▸ EXERCISE: If a record below holds a picture, leave the picture out and copy the rest exactly.

▸ PROVIDED INFORMATION:

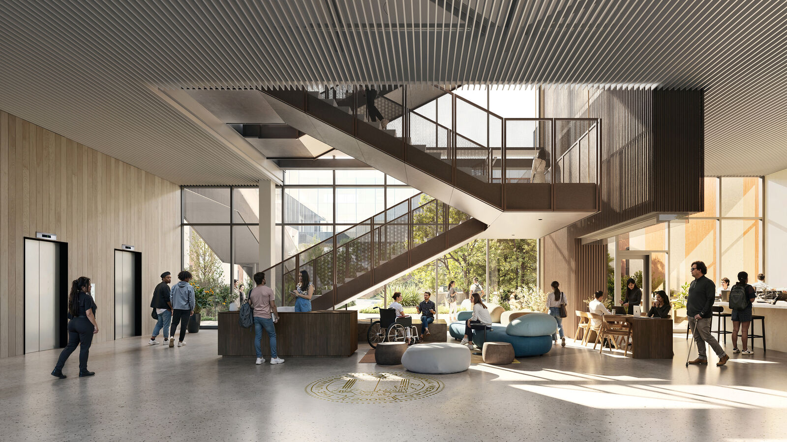 Architecturally, the building extends UC Merced’s design language that’s rooted in the region’s agricultural heritage, while expanding its expression. The architecture is inspired by the San Joaquin valley’s cultivated agricultural fields, where orderly rows of crops stretch toward the Sierra Nevada foothills. This is reflected in the rhythmic repetition of the vertical bars and colonnades that define the façade, materialized in wheat-colored precast concrete to establish continuity with the main campus. At the ground level, a rust-colored steel plinth contrasts with the façade, creating a greater sense of energy and warmth at the ground level and establishing a subtle nod to the metal structures of the agrarian landscape of the valley.
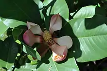The flowers are fragrant, cup-shaped, 15–25 cm broad, with nine thick, creamy white to pink tepals; stamens ca. 210 and ovoid gynoecium with ca. 100 carpels.[1]
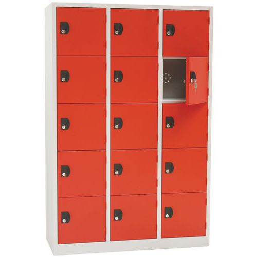 Manutan Expert Mike hegesztett öltözőszekrény, 15 rekeszes, hengerzár, szürke/piros
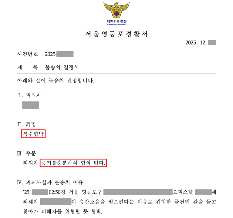 즉, 특수협박이라는 중대한 범죄 혐의에 대해 형사처벌 없이 사건이 종결된 결과입니다.
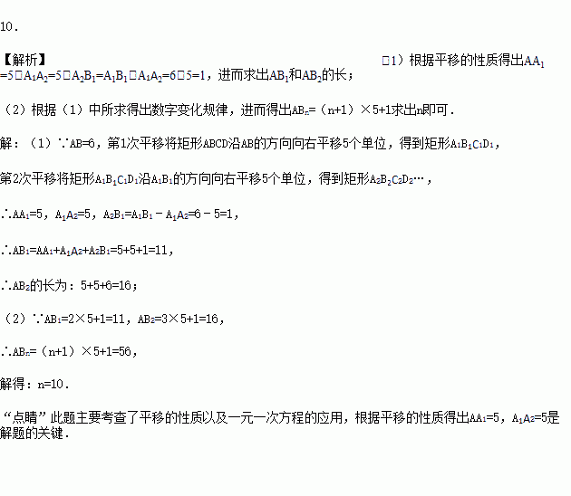如图,长方形ABCD中,AB=6,第一次平移长方形ABCD沿AB的方向向右平移5个单位,得到长方形A1B1C1D1,第2次平移将长方形A1B1C1D1沿A1B1的方向向右平移5个单位,得到长方形A2B2C2D2…,第n次平移将长方形An﹣1Bn﹣1Cn﹣1Dn﹣1沿An﹣1Bn﹣1的方向平移5个单位,得到长方形AnBnCnDn(n>2),若ABn的长度为56,则n=______.
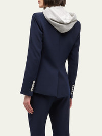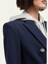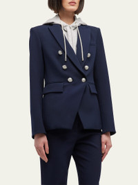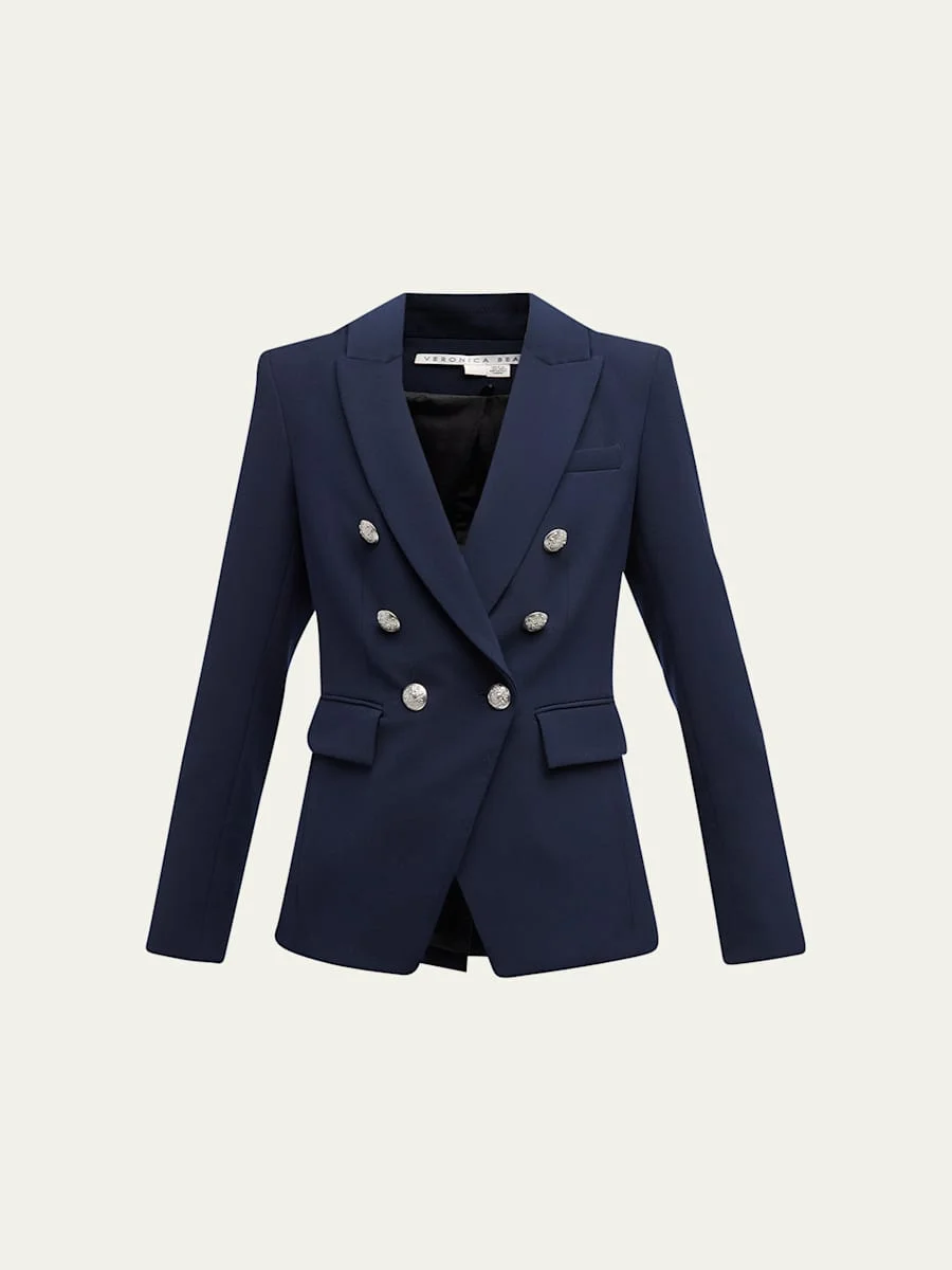 Veronica Beard "Miller" dickey jacket. Approx. measurements: Sleeve length 32 3/4"; Length 26" Compatible with all Veronica Beard dickeys (sold separately). Peak lapels; doublebreasted front. Long sleeves; button cuffs. Chest welt pocket. Side flap pockets. Tailored fit. Vented back. Polyester. Professional dry clean only Made in the USA
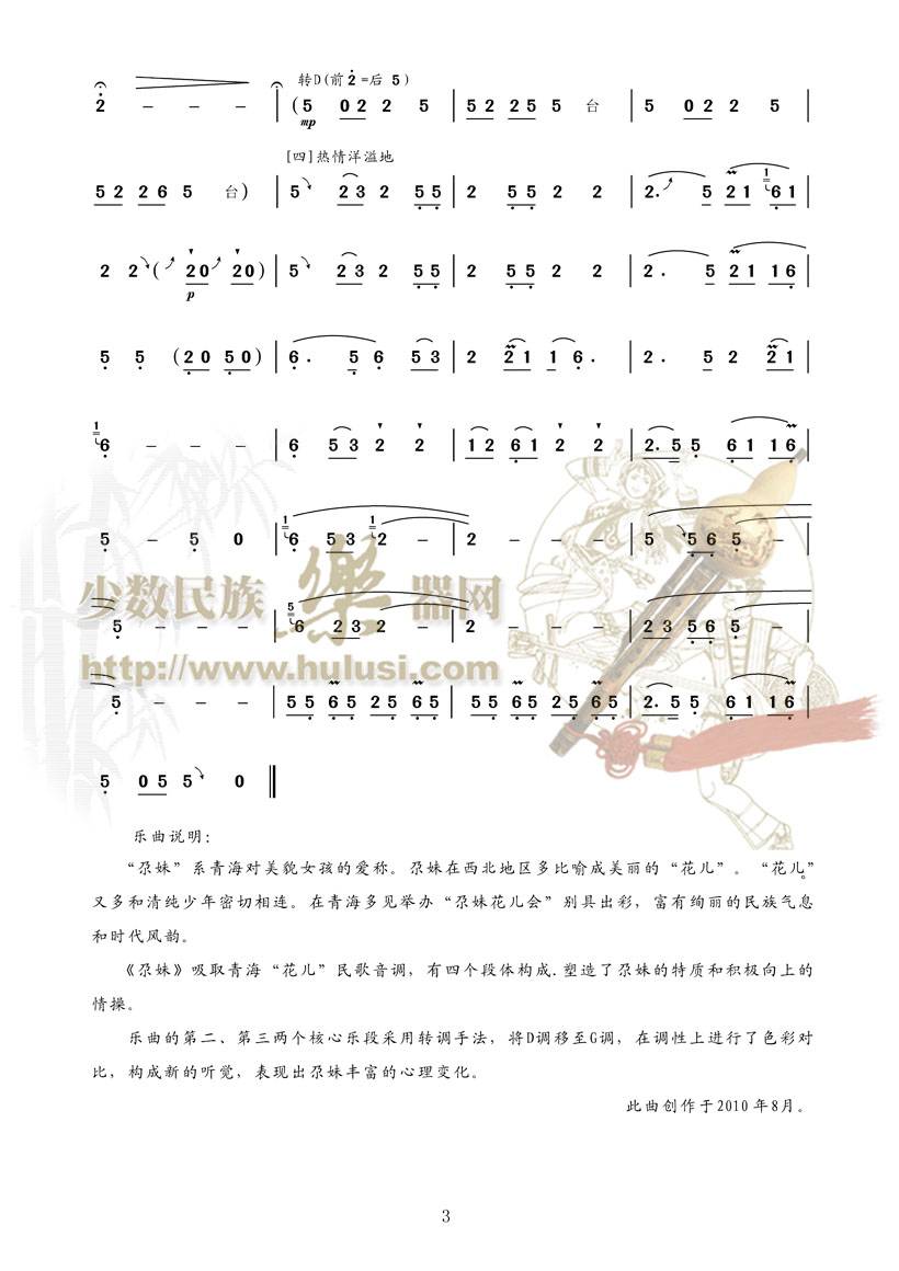 备注:如果点击上方的绿色按钮无法听到音乐,大家在文章的右上角打开 “:” 选择“在浏览器中打开”,再点击绿色按钮,就能听到音乐啦。该曲谱来自少数民族乐器网,欢迎大家提供无水印曲谱。
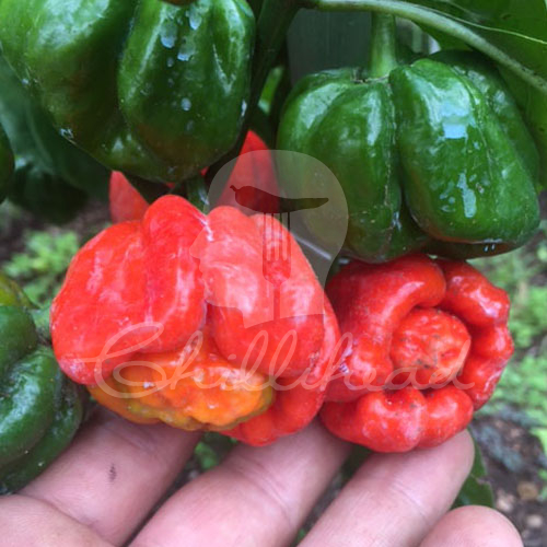 Scotch Bonnet MoA chilli seeds. The Scotch Bonnet MoA (C. Chinense) is an icon among chillies. This variety comes straight from the Ministry of Agriculture (MoA) in the Caribbean. These can be tricky to grow and it all has to do with the conditions you provide. This variety do like hot humid conditions and once established will grow well without fuss. What a wonderful variety of Scotch Bonnet these are! Big strong plants yielding lots of super large Scotch Bonnet pods. These pods are very iconic and easily recognizable with their four outer lobes and middle bulge. Pods are massive and ripen from dark green to red. The pods are slightly lumpy on the outside and just full of placenta on the inside. The aroma and flavour on these is just irresistible! Amazing sweet, fruity aroma and flavour - fantastic burn and heat! These pods are up there with the hot Habaneros, but if you are one of those people who does not like Habaneros, these chinense have a different flavour profile. No hiccups here either - just pure eating pleasure. They like their chillies hot in the Caribbean and this ticks all the boxes. It's beautiful and not just big - but big on flavour and heat too. Super for eating raw in salsas, super for sauce, great for cooking, super for powder. If you try any Scotch Bonnets this season - the Scotch Bonnet MoA has to be on the list for sure!
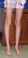 The patella of this adolescent's right knee is out of alignment and shifted toward the inside of her leg.
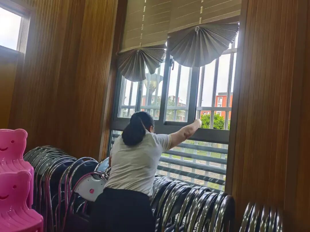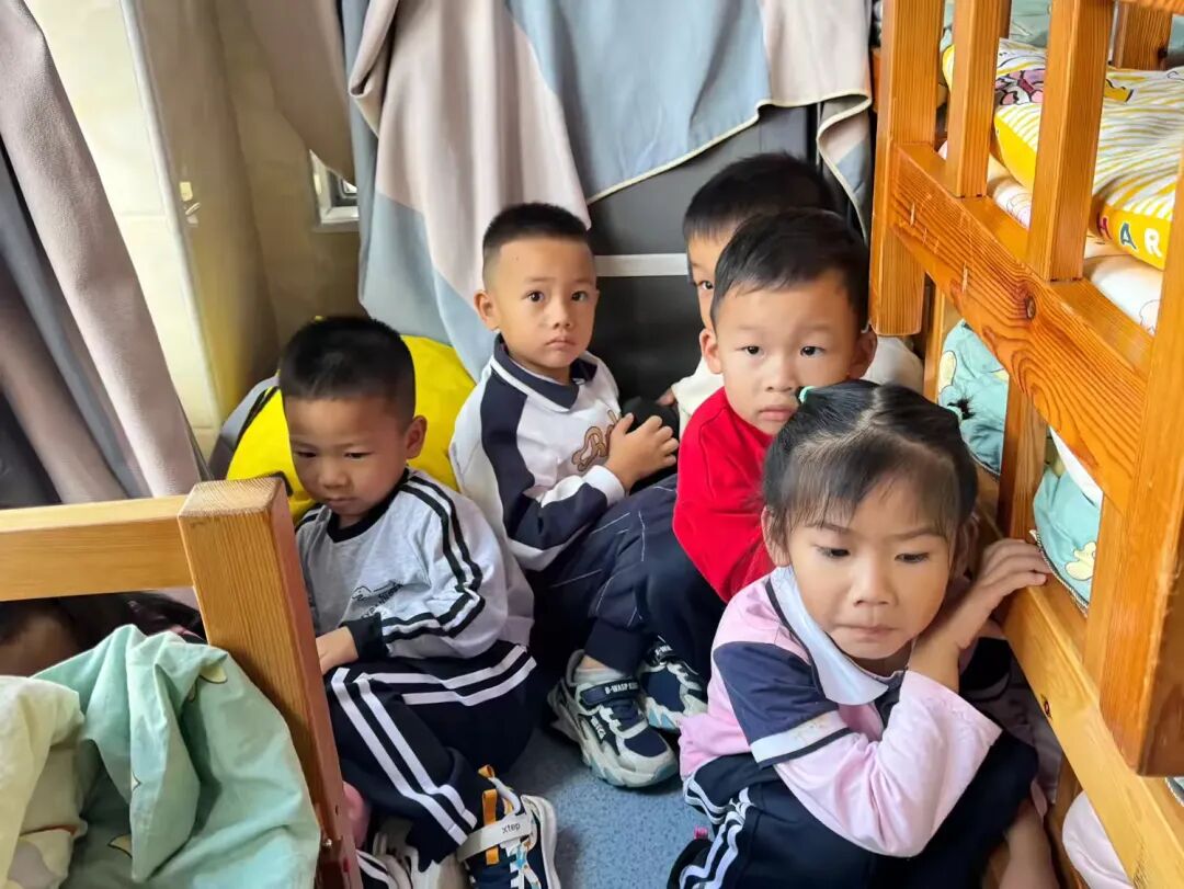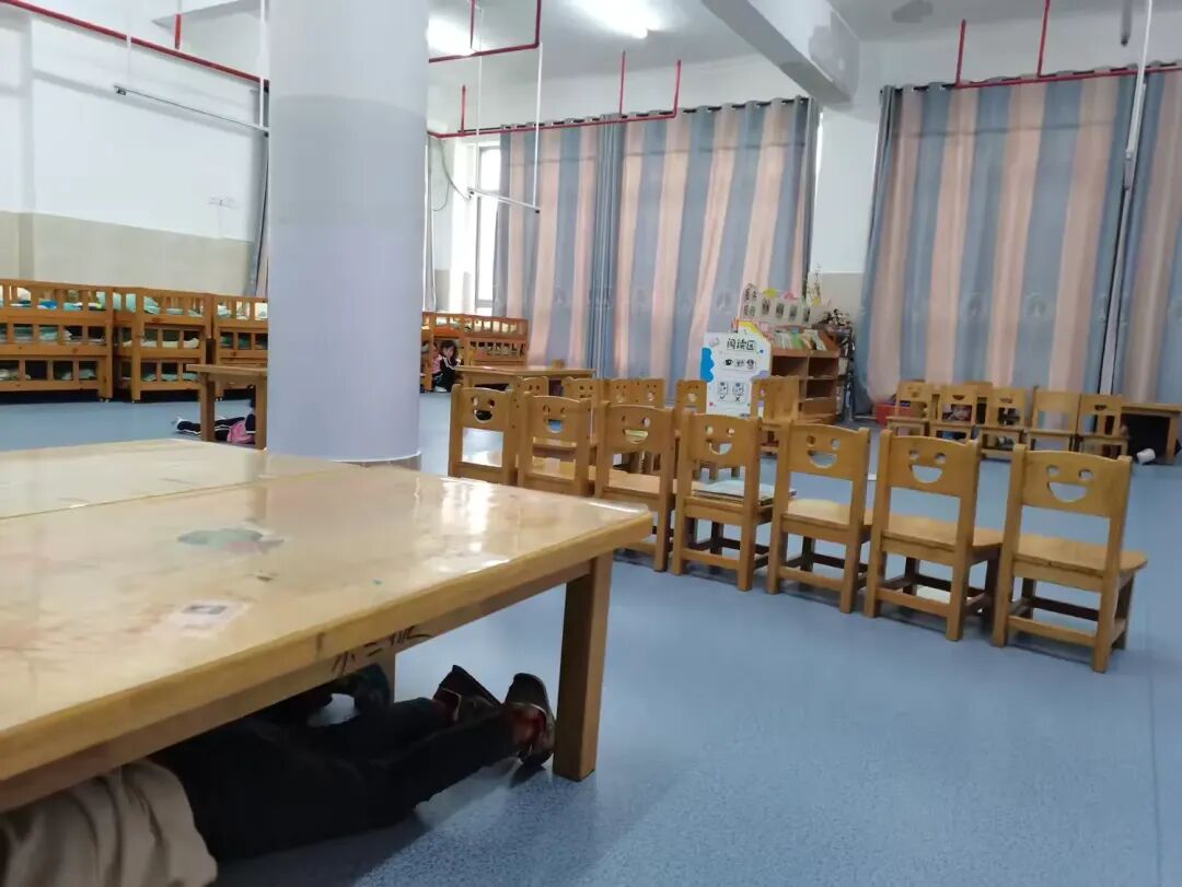 与此同时,随着警报声响起,老师们则第一时间组织幼儿躲避至安全区域,锁紧门窗并用重物堵住教室门,以防歹徒破门而入。
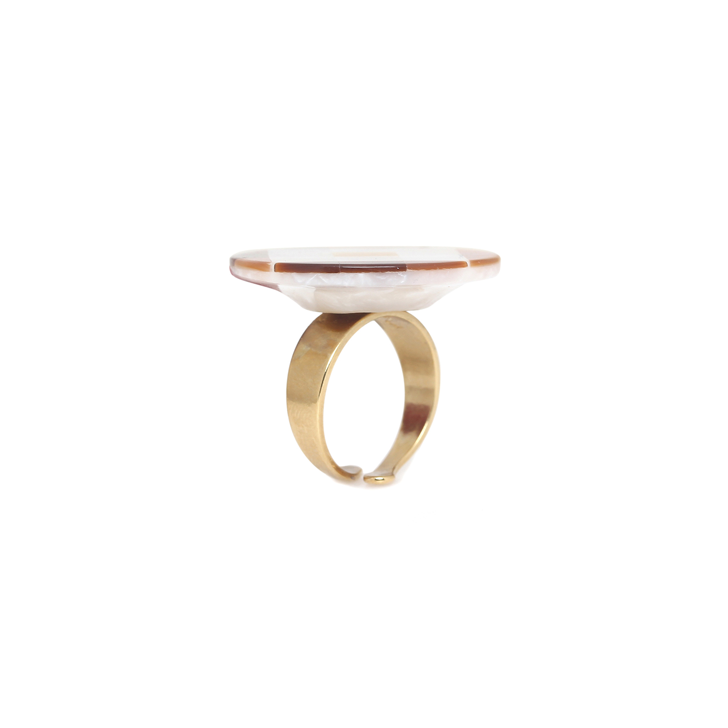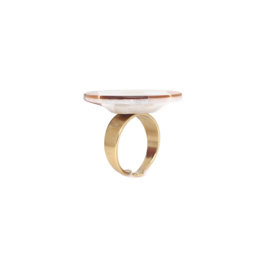 ფრანგული ბრენდი Nature Bijoux ს ხელნაკეთი ბეჭედი, კოლექციიდან SAN LAZZARO. სამკაულის ბაზად გამოყენებულია თითბერი, კოლექციაში გამოყენებული ნატურალური მასალები და ქვები: ფალავნის მარგალიტი, ყავისფერი სადაფი, თეთრი სადაფი, ოქროსფერი სადაფი, თითბერი.

▸ WRITTEN REPLY:
 Architecturally, the building extends UC Merced’s design language that’s rooted in the region’s agricultural heritage, while expanding its expression. The architecture is inspired by the San Joaquin valley’s cultivated agricultural fields, where orderly rows of crops stretch toward the Sierra Nevada foothills. This is reflected in the rhythmic repetition of the vertical bars and colonnades that define the façade, materialized in wheat-colored precast concrete to establish continuity with the main campus. At the ground level, a rust-colored steel plinth contrasts with the façade, creating a greater sense of energy and warmth at the ground level and establishing a subtle nod to the metal structures of the agrarian landscape of the valley.
The flowers are fragrant, cup-shaped, 15–25 cm broad, with nine thick, creamy white to pink tepals; stamens ca. 210 and ovoid gynoecium with ca. 100 carpels.[1]
 Manutan Expert Mike hegesztett öltözőszekrény, 15 rekeszes, hengerzár, szürke/piros
 즉, 특수협박이라는 중대한 범죄 혐의에 대해 형사처벌 없이 사건이 종결된 결과입니다.
如图,长方形ABCD中,AB=6,第一次平移长方形ABCD沿AB的方向向右平移5个单位,得到长方形A1B1C1D1,第2次平移将长方形A1B1C1D1沿A1B1的方向向右平移5个单位,得到长方形A2B2C2D2…,第n次平移将长方形An﹣1Bn﹣1Cn﹣1Dn﹣1沿An﹣1Bn﹣1的方向平移5个单位,得到长方形AnBnCnDn(n>2),若ABn的长度为56,则n=______.
 Veronica Beard "Miller" dickey jacket. Approx. measurements: Sleeve length 32 3/4"; Length 26" Compatible with all Veronica Beard dickeys (sold separately). Peak lapels; doublebreasted front. Long sleeves; button cuffs. Chest welt pocket. Side flap pockets. Tailored fit. Vented back. Polyester. Professional dry clean only Made in the USA
 备注:如果点击上方的绿色按钮无法听到音乐,大家在文章的右上角打开 “:” 选择“在浏览器中打开”,再点击绿色按钮,就能听到音乐啦。该曲谱来自少数民族乐器网,欢迎大家提供无水印曲谱。
 Scotch Bonnet MoA chilli seeds. The Scotch Bonnet MoA (C. Chinense) is an icon among chillies. This variety comes straight from the Ministry of Agriculture (MoA) in the Caribbean. These can be tricky to grow and it all has to do with the conditions you provide. This variety do like hot humid conditions and once established will grow well without fuss. What a wonderful variety of Scotch Bonnet these are! Big strong plants yielding lots of super large Scotch Bonnet pods. These pods are very iconic and easily recognizable with their four outer lobes and middle bulge. Pods are massive and ripen from dark green to red. The pods are slightly lumpy on the outside and just full of placenta on the inside. The aroma and flavour on these is just irresistible! Amazing sweet, fruity aroma and flavour - fantastic burn and heat! These pods are up there with the hot Habaneros, but if you are one of those people who does not like Habaneros, these chinense have a different flavour profile. No hiccups here either - just pure eating pleasure. They like their chillies hot in the Caribbean and this ticks all the boxes. It's beautiful and not just big - but big on flavour and heat too. Super for eating raw in salsas, super for sauce, great for cooking, super for powder. If you try any Scotch Bonnets this season - the Scotch Bonnet MoA has to be on the list for sure!
 The patella of this adolescent's right knee is out of alignment and shifted toward the inside of her leg.
 与此同时,随着警报声响起,老师们则第一时间组织幼儿躲避至安全区域,锁紧门窗并用重物堵住教室门,以防歹徒破门而入。
 ფრანგული ბრენდი Nature Bijoux ს ხელნაკეთი ბეჭედი, კოლექციიდან SAN LAZZARO. სამკაულის ბაზად გამოყენებულია თითბერი, კოლექციაში გამოყენებული ნატურალური მასალები და ქვები: ფალავნის მარგალიტი, ყავისფერი სადაფი, თეთრი სადაფი, ოქროსფერი სადაფი, თითბერი.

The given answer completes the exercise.